The training process for 50 epochs was completed in approximately 50 mins using an NVIDIA L4 24GB GPU.

‍

Once your model has completed its training phase, you can assess the performance by analyzing the graphs produced by the YOLOv9 training process. These visualizations represent various metrics that are crucial for understanding the effectiveness of your object detection model.

‍

In summary, these plots suggest that the model has learned and improved its ability to detect and classify objects as training progressed. The high precision along with increasing recall and mAP values are indicative of a well-performing model. However, we can see that the model would have benefited from being trained for longer.

‍

Run your fine-tuned YOLOv9 model

We can test our custom model using the ‘infer_yolo_v9’ algorithm. While by default the algorithm uses the COCO pre-trained Yolov9-c model, we can apply our fine-tuned model by specifying the 'model_weight_file' and 'class_file' parameters accordingly.
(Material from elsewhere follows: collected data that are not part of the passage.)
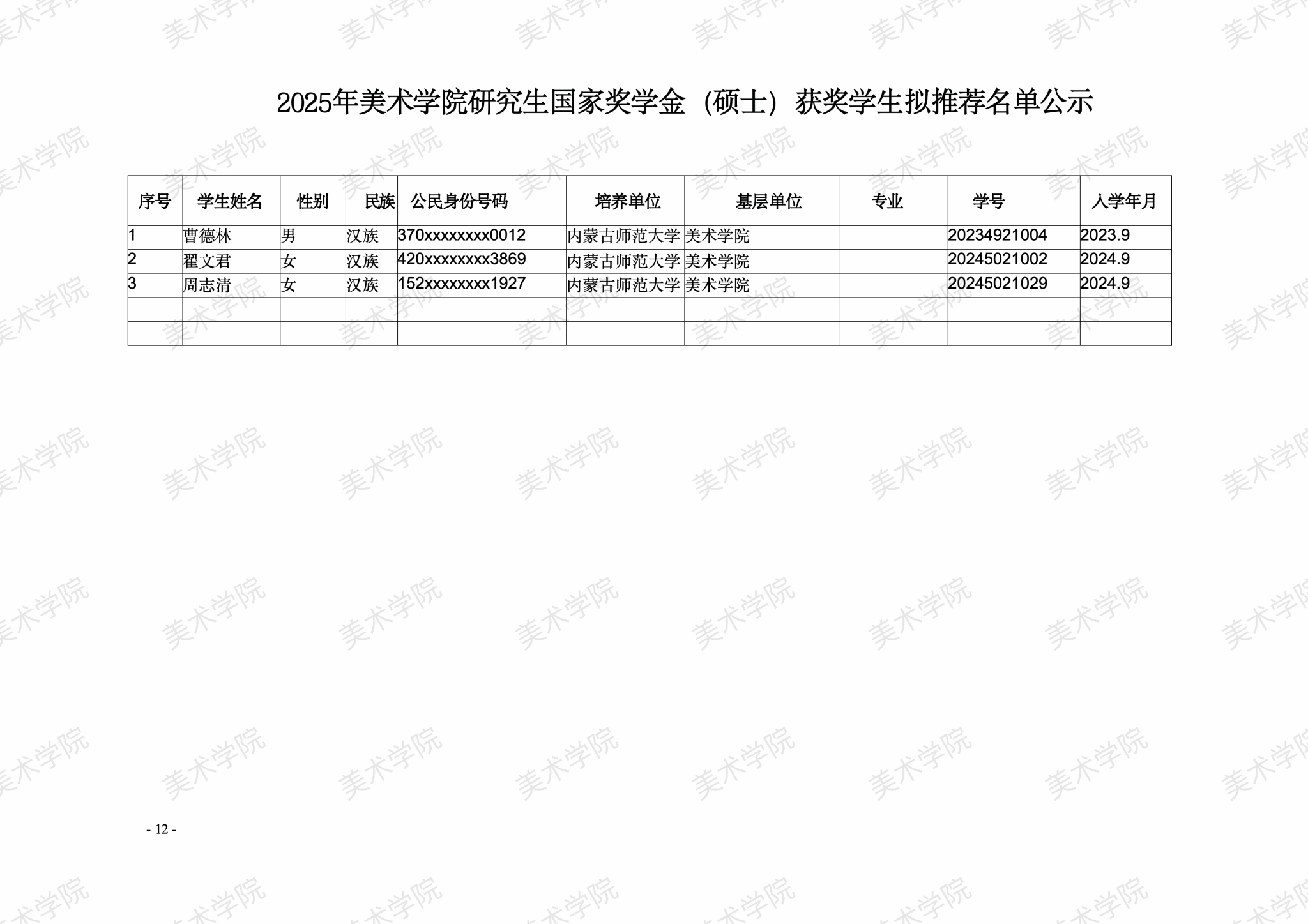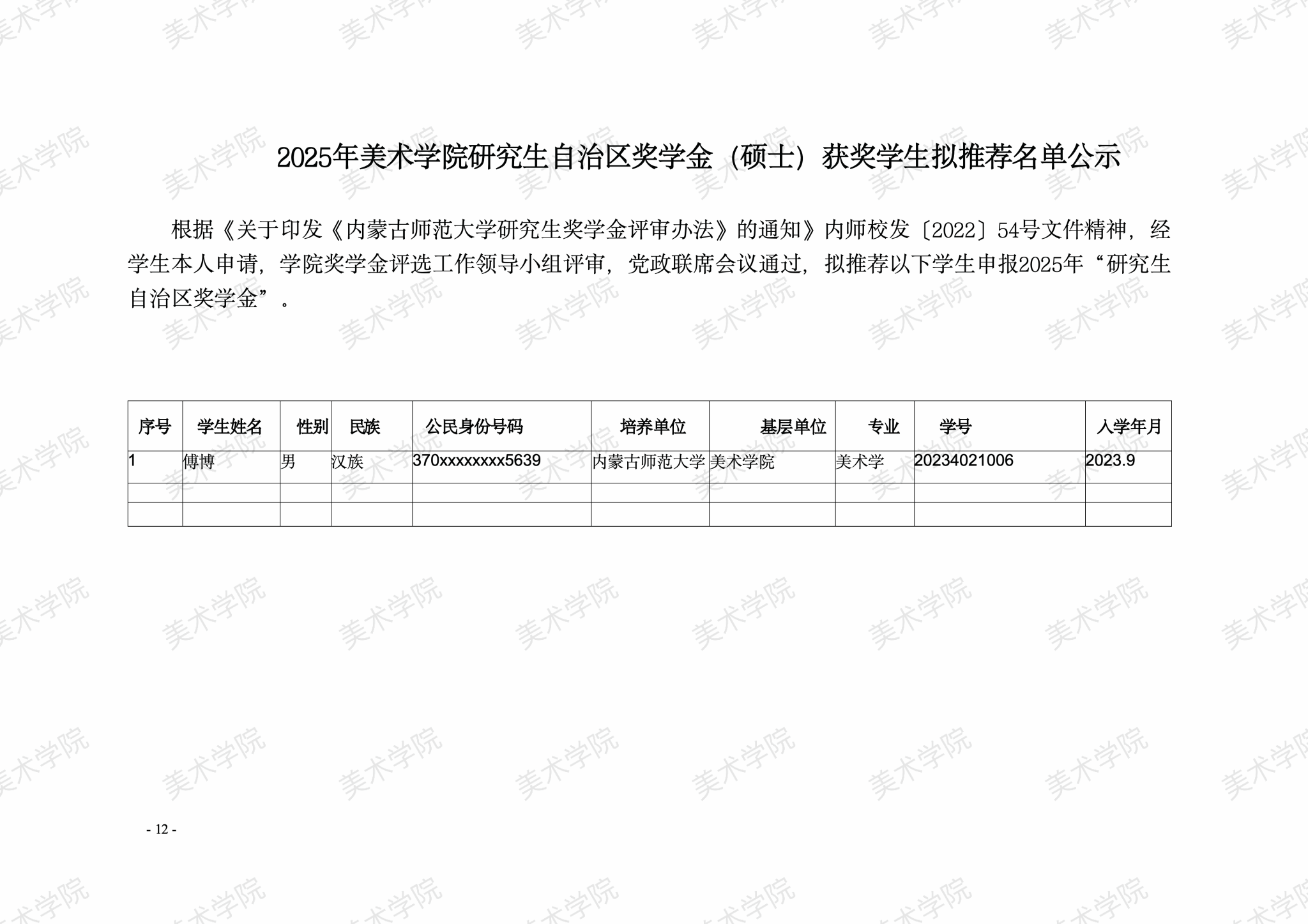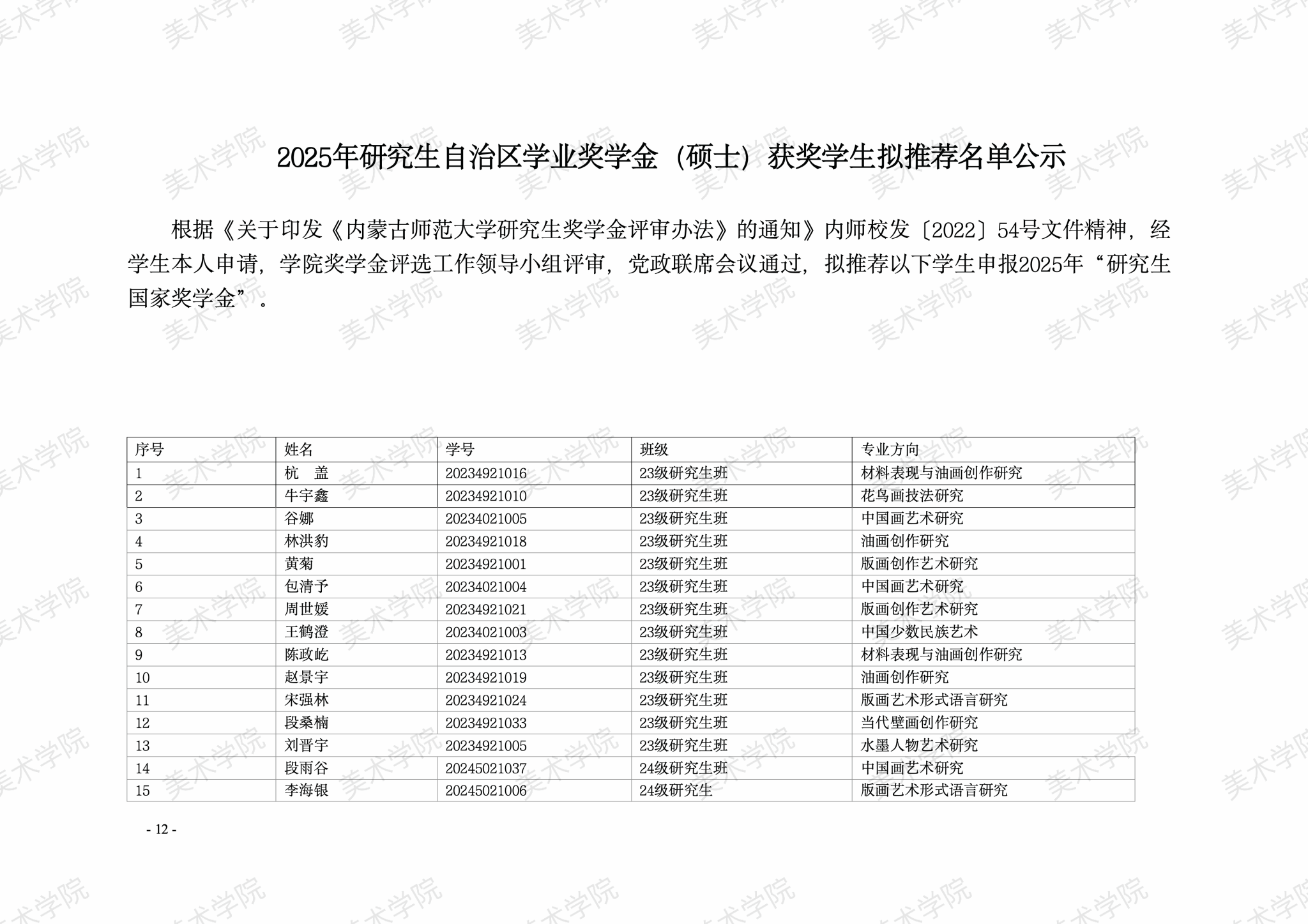 奖学金评选工作领导小组评审,党政联席会议通过,拟推荐以下学生申报2025年“研究生国家奖学金”“研究生自治区奖学金”“研究生学业奖学金”。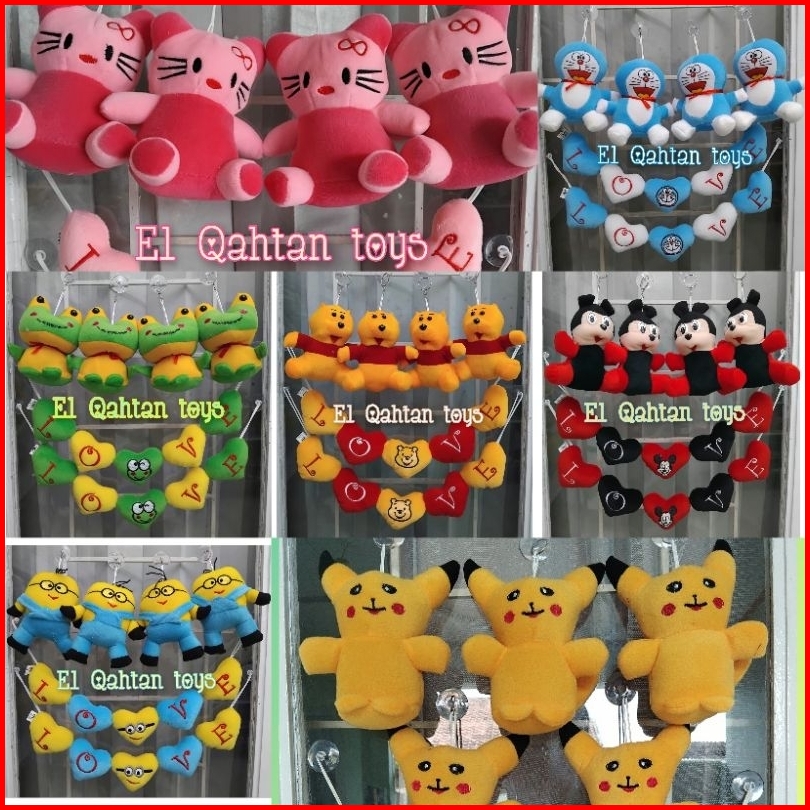 Hello kitty 4=2, Doraemon 4=2, Minions 4=2, Mickey mouse 4=2, Pokemon 4=2, Keropi 4=2, The pooh 4=2, Dora Kuning 4=2, dora merah 4=2, dora hijau 4=2, spongbob 4=2
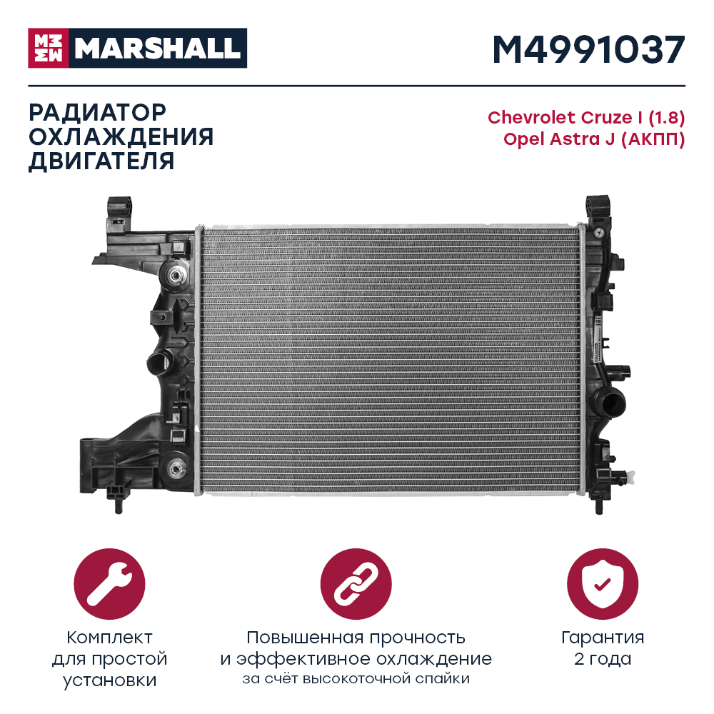 M4991037 MARSHALL Радиатор охл. двигателя Chevrolet Cruze I 1.8 09- Opel Astra J 09- АКПП M4991037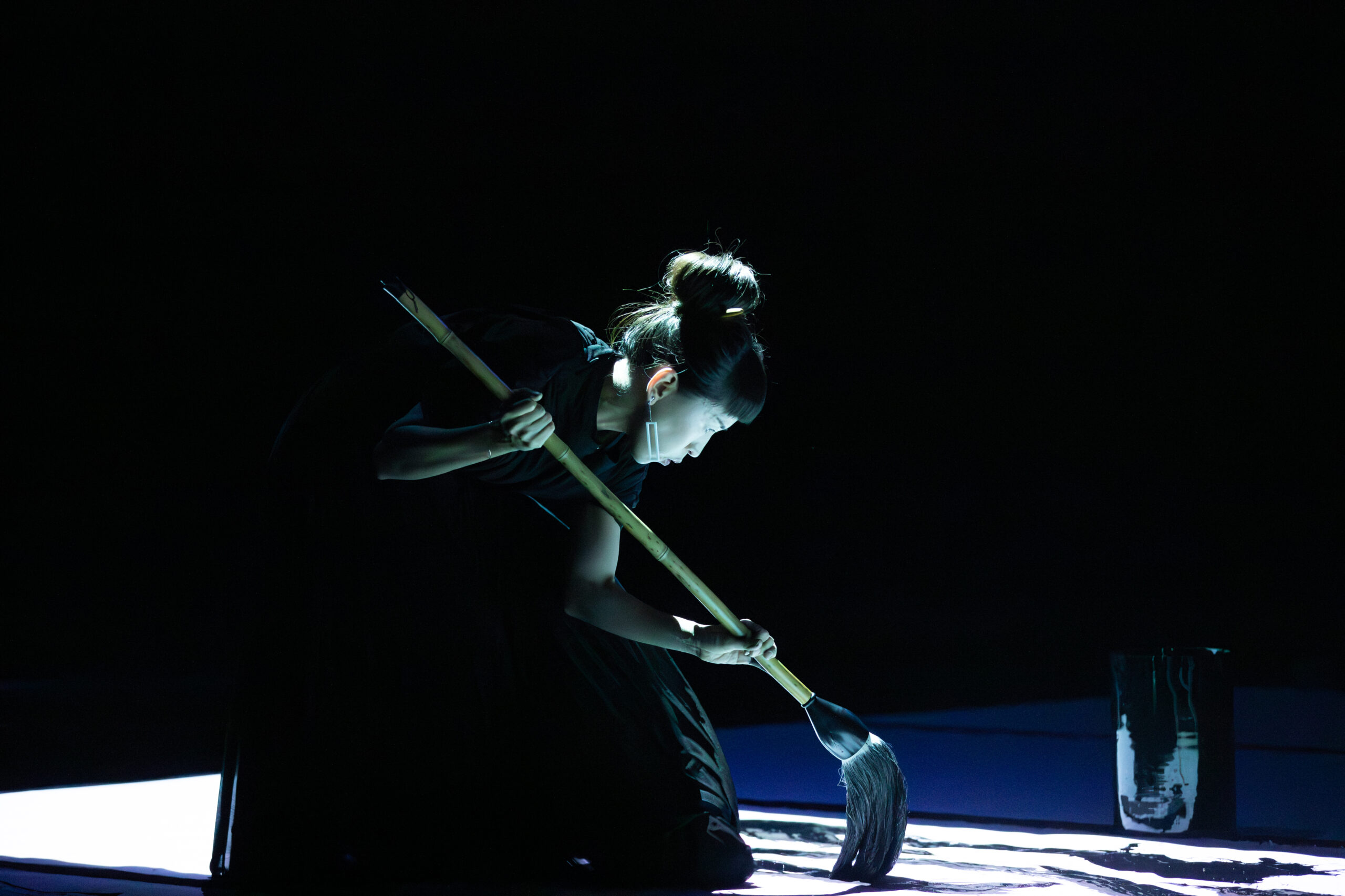 Schnitt and Aoi Yamaguchi explore in Calligraton the relationship between sound and writing, rhythms, balances, full and empty spaces, sounds and silences confront each other on stage, discovering a profound affinity between sound and sign. The electronic/digital compositional gesture relates to the calligraphic gesture in an intimate conversation that explores the interconnection between the human gesture and the technological element.

from ikomia.dataprocess.workflow import Workflow
from ikomia.utils.displayIO import display

# Create your workflow for YOLO inference
wf = Workflow()

# Add the YOLOv9 algorithm to your workflow
yolov9 = wf.add_task(name="infer_yolo_v9", auto_connect=True)

yolov9.set_parameters({
    "model_weight_file":"Path/To/[Timestramp]/weights/best.pt",
    "class_file":"Path/To/[Timestramp]/classes.yaml",
    "conf_thres":"0.3",
    "iou_thres":"0.25"
})

# Run on your image
wf.run_on(url="https://pbs.twimg.com/ext_tw_video_thumb/1660454979298115585/pu/img/A_Jrl2uawkkDi_Kf.jpg")
# wf.run_on(path=os.getcwd()+"/test/youtube-128_jpg.rf.2723e31eec77e1ff7b73c45c625082f6.jpg")

# Get the object detection image output
img_bbox = yolov9.get_image_with_graphics()

# Display
display(img_bbox)